[WHAT YOU SHOULD DO]
What should be copied is the stretch of entries below from the line with "新款2件套Matcha抹茶绿色陶瓷抹茶碗工具套装礼盒茶宪带抹茶罐" up to and including the line with "以下是引用zxl51642在", exactly and without images.

[EXCERPTED DATA]
>>>
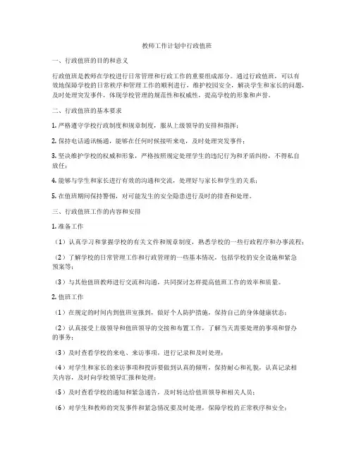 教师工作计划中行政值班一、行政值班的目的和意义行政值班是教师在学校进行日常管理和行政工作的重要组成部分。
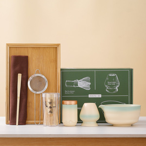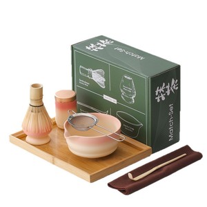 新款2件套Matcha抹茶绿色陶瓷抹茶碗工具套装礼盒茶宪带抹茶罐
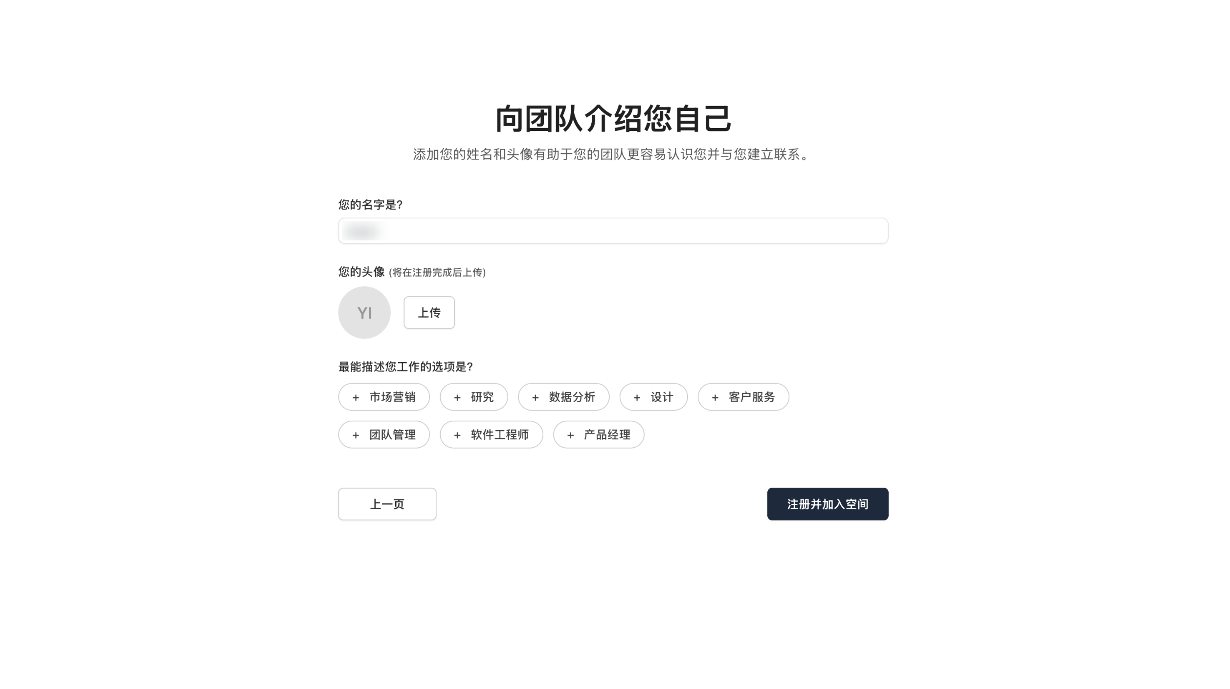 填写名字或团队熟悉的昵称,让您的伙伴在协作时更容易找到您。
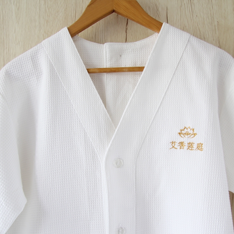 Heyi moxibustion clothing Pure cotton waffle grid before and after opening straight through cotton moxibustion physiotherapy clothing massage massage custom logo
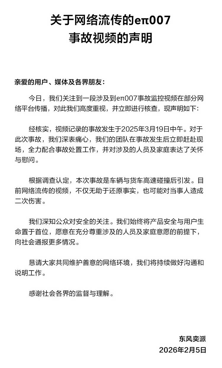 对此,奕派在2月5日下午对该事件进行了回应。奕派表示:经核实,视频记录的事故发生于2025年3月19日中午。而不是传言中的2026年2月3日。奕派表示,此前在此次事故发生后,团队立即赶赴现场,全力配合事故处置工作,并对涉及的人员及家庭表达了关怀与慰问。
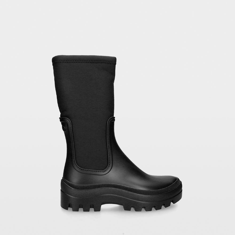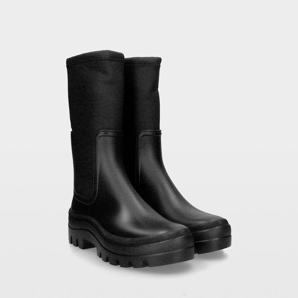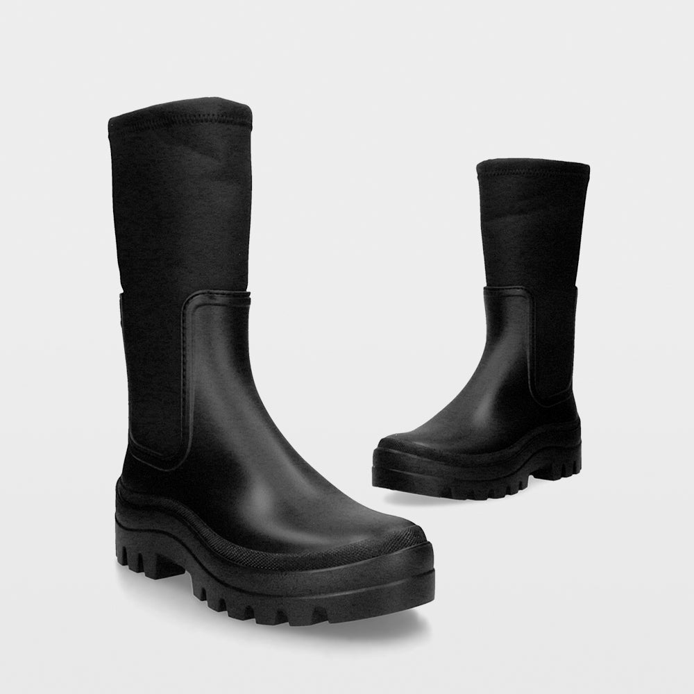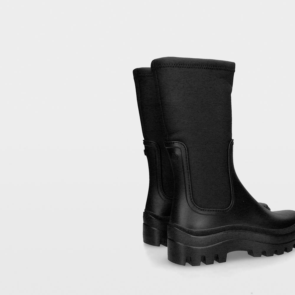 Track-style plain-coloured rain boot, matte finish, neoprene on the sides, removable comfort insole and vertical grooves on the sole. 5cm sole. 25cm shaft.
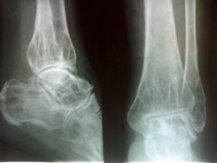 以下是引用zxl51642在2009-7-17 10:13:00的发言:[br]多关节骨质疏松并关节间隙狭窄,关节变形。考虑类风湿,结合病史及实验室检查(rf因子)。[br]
<<<
>>>
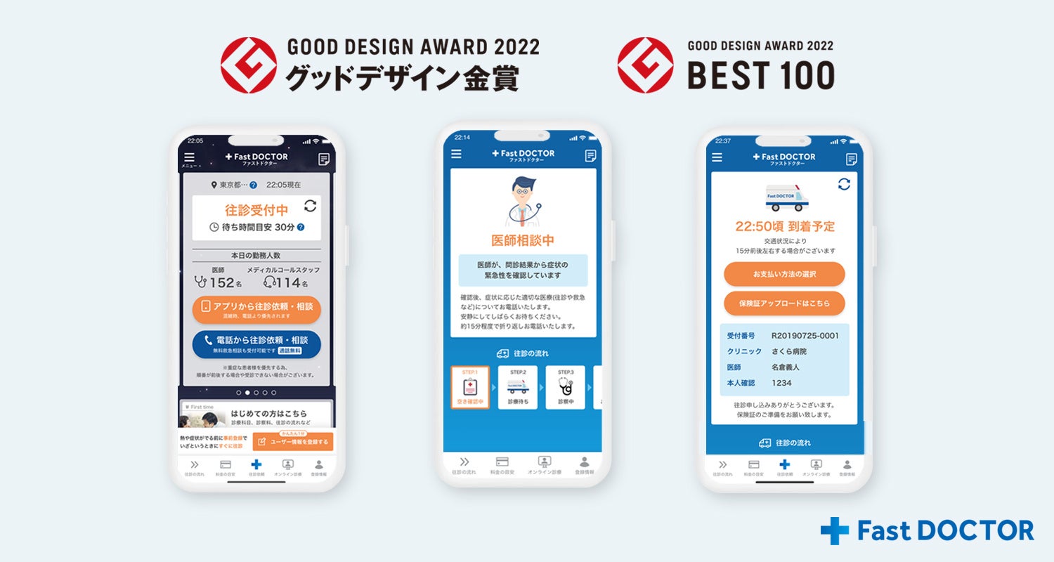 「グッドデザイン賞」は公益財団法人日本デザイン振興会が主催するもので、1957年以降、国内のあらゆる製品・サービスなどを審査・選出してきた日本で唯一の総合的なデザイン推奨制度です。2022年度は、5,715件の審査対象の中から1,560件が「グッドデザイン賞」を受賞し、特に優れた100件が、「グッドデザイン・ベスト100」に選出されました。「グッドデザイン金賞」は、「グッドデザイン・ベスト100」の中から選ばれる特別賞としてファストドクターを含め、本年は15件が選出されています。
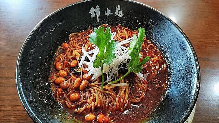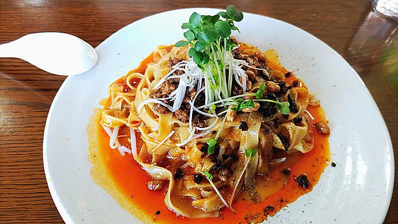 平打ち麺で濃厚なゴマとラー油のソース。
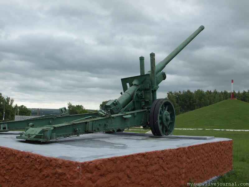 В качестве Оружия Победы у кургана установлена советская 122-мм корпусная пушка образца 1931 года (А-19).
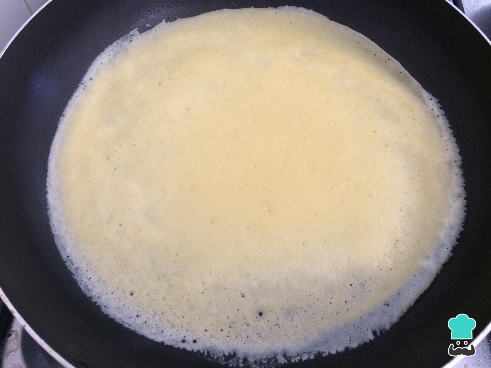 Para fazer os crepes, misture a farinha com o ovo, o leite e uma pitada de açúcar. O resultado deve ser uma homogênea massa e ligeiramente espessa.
<<<
[EXERCISE OUTPUT]
 新款2件套Matcha抹茶绿色陶瓷抹茶碗工具套装礼盒茶宪带抹茶罐
 填写名字或团队熟悉的昵称,让您的伙伴在协作时更容易找到您。
 Heyi moxibustion clothing Pure cotton waffle grid before and after opening straight through cotton moxibustion physiotherapy clothing massage massage custom logo
 对此,奕派在2月5日下午对该事件进行了回应。奕派表示:经核实,视频记录的事故发生于2025年3月19日中午。而不是传言中的2026年2月3日。奕派表示,此前在此次事故发生后,团队立即赶赴现场,全力配合事故处置工作,并对涉及的人员及家庭表达了关怀与慰问。
 Track-style plain-coloured rain boot, matte finish, neoprene on the sides, removable comfort insole and vertical grooves on the sole. 5cm sole. 25cm shaft.
 以下是引用zxl51642在2009-7-17 10:13:00的发言:[br]多关节骨质疏松并关节间隙狭窄,关节变形。考虑类风湿,结合病史及实验室检查(rf因子)。[br]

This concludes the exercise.